Originally published: Wednesday, 1st September, 2010

The city's only cinema is set to become one of the few regional movie houses in Australia to be able to show 3D digital productions.

A new silver screen and 3D equipment is currently being installed at the local cinema and there are hopes that 3D movies will be shown on Friday.
The cinema is also in the process of installing a digital projector that will play 2D and 3D movies.
Silver City Cinema's John Wren said the film industry was changing to digital and the local changeover would keep the city up with the times.
"Digital is coming to Broken Hill in December and television sets have to change over (to digital) ... in the film industry it's already started and this time next year any theatres not on digital may as well close the doors," Mr Wren said.

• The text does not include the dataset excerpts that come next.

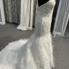Crafted from delicate ivory lace, this dress features intricate beading and embroidery that catch the light beautifully, adding a touch of shimmer to your special day. The trumpet skirt covered with hand sewn ostrich feathers gracefully flow from the hem, creating a sense of movement that is both dramatic and delicate. Perfect for a grand celebration or an intimate gathering, this floor-length gown promises to complement any wedding theme.
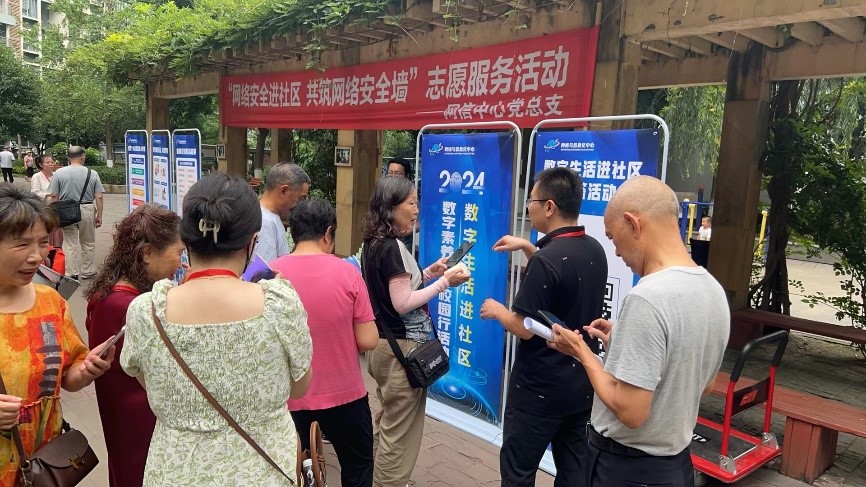 活動采用展板展示、現場講解、宣傳資料發放和有獎答題等形式開展,向社區居民宣傳防范個人信息泄露小妙招、有效防范網絡/電信詐騙、如何識別網絡陷阱等內容,解答社區居民關于網絡和信息化方面的問題。
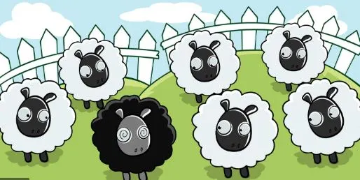 풀밭의 흰 양 떼들 속에 검은색 양(Black sheep)은 정말 눈에 잘 띄는데 이렇게 눈에 띄는 것이 좋은 의미보다는 부정적인 의미와 연결되어서, 무리와 잘 어울리지도 못하고 골칫덩어리 혹은 말썽꾸러기의 의미로도 쓰인다고 합니다(Ellie의 100% Real USA Life 블로그에서 발췌).

"There was no other option but to organise with the distributors and go digital," he said.
"In time small theatres will close because they can't afford to go digital."
Mr Wren said that it was time to move ahead.

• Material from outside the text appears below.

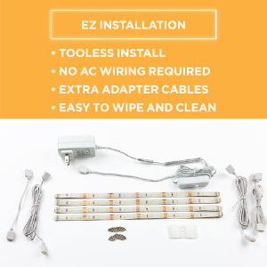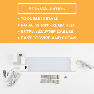 | What Makes it EZ? | Tooless install; No AC wiring required, just plug it in; Easy hand motion On/Off; Easy connectivity between units; Easy to position with extra adapter cables; Easy to wipe and clean; |

"This time next year, we would be too late," he said.
He said the new screen and digital equipment was well worth the effort and would provide another outlet of entertainment for locals.
"It's amazing isn't it," Mr Wren said.
Associated Sound Newcastle's Technical Manager, Barry Parsons, said the company was installing a new plastic silver screen with polarisation for 3D screenings.
"The boys are working hard putting it all up," Mr Parsons said.
"There will be a new NEC digital projector with a Dolby server and a Master Image 3D system," he said.
"It is the latest in cinema equipment."
Mr Parsons said only three cinemas in the western area had made the switch to screen 3D movies.
Mr Wren said the changeover meant it would be easier to get films and easier for the film companies, and a lot cheaper to provide films to the exhibitors more quickly.
The first screening of a 3D movie will be on Friday and the Silver City Cinema is offering an introductory price of $13.50 per person, plus a $2 fee for the reuseable 3D glasses.
After this the price of a 3D movie will go up to $16.50 per person, which Mr Wren said was "a lot cheaper than the capital cities".
As well as going 3D the Silver City Cinema is getting infra-red hearing aids for the hearing impaired.
Mr Wren said this was a big issue here and it was important to accommodate everyone.
"(Being hearing impaired) is a big issue in Broken Hill ... nobody will be left out," he said.
Mr Wren said he was happy about the change to the cinema.
"I'm happy I can do it ... it had to be done to bring better quality entertainment to Broken Hill," he said.
"It's our obligation to provide entertainment for the people of Broken Hill."